Remarks Scaling Agile

4.6.2015 — We wanted to see through the jargon and analyse LeSS and SAFe against real significant patterns in large organisations.

Scaling Agility Explored at XP2015
Author
Ari Tikka
Ari TikkaFounding Partner

We gave a presentation Scaling Agility Explored at XP2015 at XP2015 Helsinki last week.

Everyone did not like our message.

Yes, our presentation disagrees with what SAFe says. We tried to dig deeper than what is visible in surface of SAFe (and also LeSS).

We analyzed significant patterns in big organizations, and then matched LeSS and SAFe against those patterns. We did not try to analyze what SAFe says or plans in detail, but rather do pattern matching against our analysis.

In our experience, and by looking at the reasoning in the presentation, cross-functional feature teams are very very difficult to create. In our opinion promoting is not enough, but serious focus and structural changes are needed to create and sustain them.

Unfortunately the word bureaucratic has a negative tone. However, that is exactly the term that Ouchi is using. Of his three control mechanisms, market, clan and bureaucratic, SAFe big picture, program process with descriptions formultiple roles and responsibilities, match the definition of bureaucratic control.

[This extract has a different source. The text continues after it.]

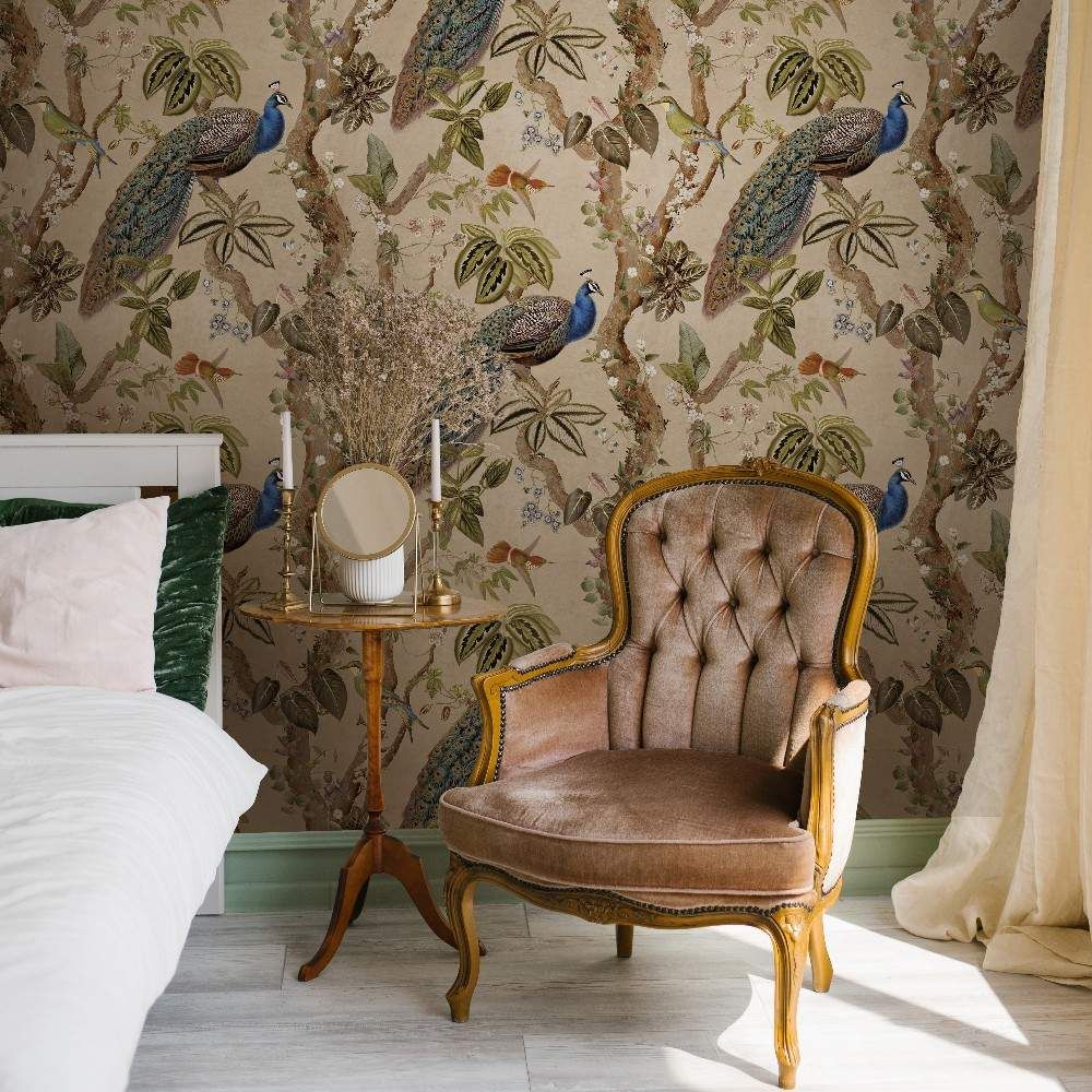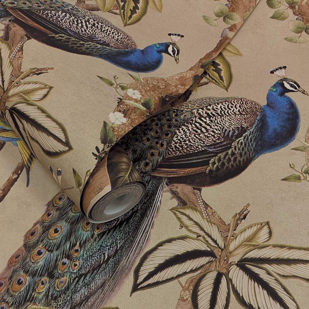 Peacock Woods Taupe Birds Whispering Wilderness Collection Wallpaper 13680

In our opinion backlog is a queue, and large backlog is a large queue. Our conclusion was that technology-specialized organizations need to plan longer ahead, there is no way around this. The plan created in release planning is a queue and release planning is event that moves the queue in to the development system. Of course lazy evaluation is a good strategy to work with that queue, though difficult with many dependencies.

8-10 weeks is closer to to 3 months than 2 weeks. We did conclude only that planning in detail for 4*2 weeks increases the organizational batch size and creates queues. We did not say batches and queues are bad we just quoted Stefan Thomke and Donald Reinertsen who have analyzed in detail queues and batches.

I am sure we found some fresh perspective. I hope, that the discussion will go towards both improving the analysis we started, and help to improve any scaling framework.

Ari Tikka
Founding Partner

Before finding Agile, Ari built software for embedded distributed fault tolerant software for seven years. For the next decade he worked as an organizational therapist with cultural change, teamwork and leadership. Since 2006 he has contributed to LeSS-flavoured Agile transformations including mechanical engineering, market automation, and embedded system development. For the last couple of years Ari had international coaching assignments ranging from teams to board.